Problem requirements: Exact copy, pictures omitted: the line holding "El panorama cambia" and every line after it down to the end of the entries.
+===+
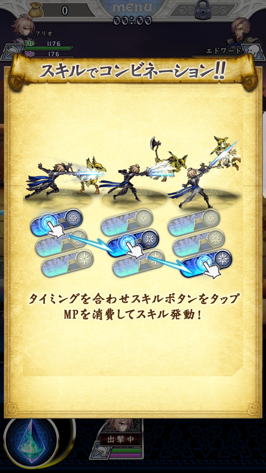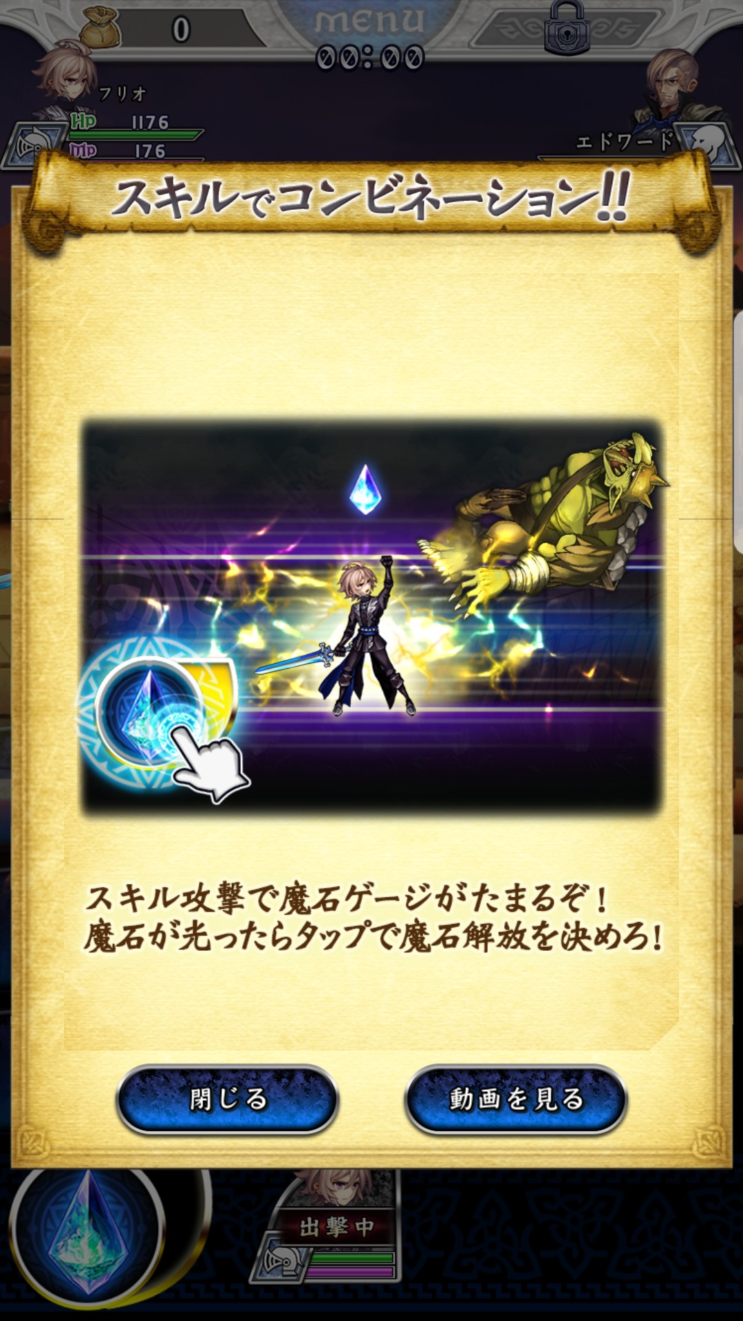 こちらもゲージがたまると魔石が光りますのでそちらをタップすることで使えます。
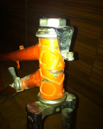 Досталась мне рама с "женской" скошенной трубой. Судя по маркировке на дропауте 60 года выпуска. Рама перекрашена поэтому никаких других опознавательных наклеек нет. Вилка хромированная. Размер рамы по срез подседельной трубы 50 см.
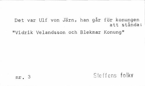 //// Det var Ulf von Järn, han går för konungen //// att stånda: //// "Vidrik Velandsson och Blekmar Konung" //// nr. 3 Steffens folkv ////
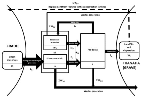 Let us now analyze the recycling process, , which implies disassembling, dismantling, dissolving, and smelting ; isolating and refining each component ; and then spending a given exergy cost ER (kW·h). This is a reverse metallurgical/industrial process that unavoidably produces waste ∑WR,j.
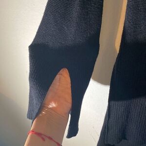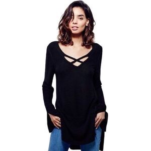Like New Free People Black Criss Cross Tunic Boho Knit Sweater. Crisscross detail at v-neck, loose-fitting, high low hem with slits at sides and cuffs. No piling.
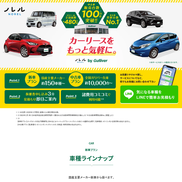 • 新車は約150車種の他、ガリバー中古車約10,000台の幅広い選択肢から選べる
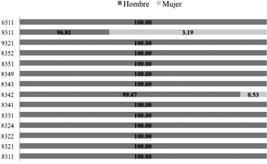 El panorama cambia para el año de 2012, pues la participación de la mujer incrementó pasando del 0.35% registrado en 1996 a 13.43% de los trabajadores en este sector. La Figura 2 muestra de manera detallada el grado de participación por género y por grupo unitario; se observa que el grupo unitario 9311 (Ayudantes de conductor de transporte terrestre con motor) incrementó la participación de la mujer de manera significativa pues su participación pasó de 3.19% a un 61.06% de los ocupados en este grupo, así mismo el grupo 8342 (Conductores de autobuses, camiones, camionetas, taxis y automóviles de pasajeros) pasó de 0.53 a 16.47% de participación de la mujer. Además de estos dos grupos unitarios, fueron seis más los que registraron participación de la mujer: el grupo 6311 (Operadores de maquinaria agropecuaria y forestal) con el 8.38%; el grupo 9321 (Conductores de vehículos de transporte en bicicleta) con el 16.99%; el grupo 8352 (Conductores de maquinaria móvil para el movimiento de mercancías en fábricas, puertos, comercio, etc.) con el 6.32%; el grupo 8351 (Conductores de maquinaria móvil para la construcción y minería) con el 4.38%; el grupo 8341 (Conductores de camiones y automóviles de carga) con el 9.90%; y finalmente el grupo 8321 (Capitanes y conductores de transporte marítimo) con el 22.23%.
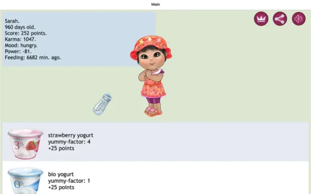 - Earn points by feeding your baby, doing care actions, playing mini-games, and going on egg hunts.
+===+
Written answer:
 El panorama cambia para el año de 2012, pues la participación de la mujer incrementó pasando del 0.35% registrado en 1996 a 13.43% de los trabajadores en este sector. La Figura 2 muestra de manera detallada el grado de participación por género y por grupo unitario; se observa que el grupo unitario 9311 (Ayudantes de conductor de transporte terrestre con motor) incrementó la participación de la mujer de manera significativa pues su participación pasó de 3.19% a un 61.06% de los ocupados en este grupo, así mismo el grupo 8342 (Conductores de autobuses, camiones, camionetas, taxis y automóviles de pasajeros) pasó de 0.53 a 16.47% de participación de la mujer. Además de estos dos grupos unitarios, fueron seis más los que registraron participación de la mujer: el grupo 6311 (Operadores de maquinaria agropecuaria y forestal) con el 8.38%; el grupo 9321 (Conductores de vehículos de transporte en bicicleta) con el 16.99%; el grupo 8352 (Conductores de maquinaria móvil para el movimiento de mercancías en fábricas, puertos, comercio, etc.) con el 6.32%; el grupo 8351 (Conductores de maquinaria móvil para la construcción y minería) con el 4.38%; el grupo 8341 (Conductores de camiones y automóviles de carga) con el 9.90%; y finalmente el grupo 8321 (Capitanes y conductores de transporte marítimo) con el 22.23%.
 - Earn points by feeding your baby, doing care actions, playing mini-games, and going on egg hunts.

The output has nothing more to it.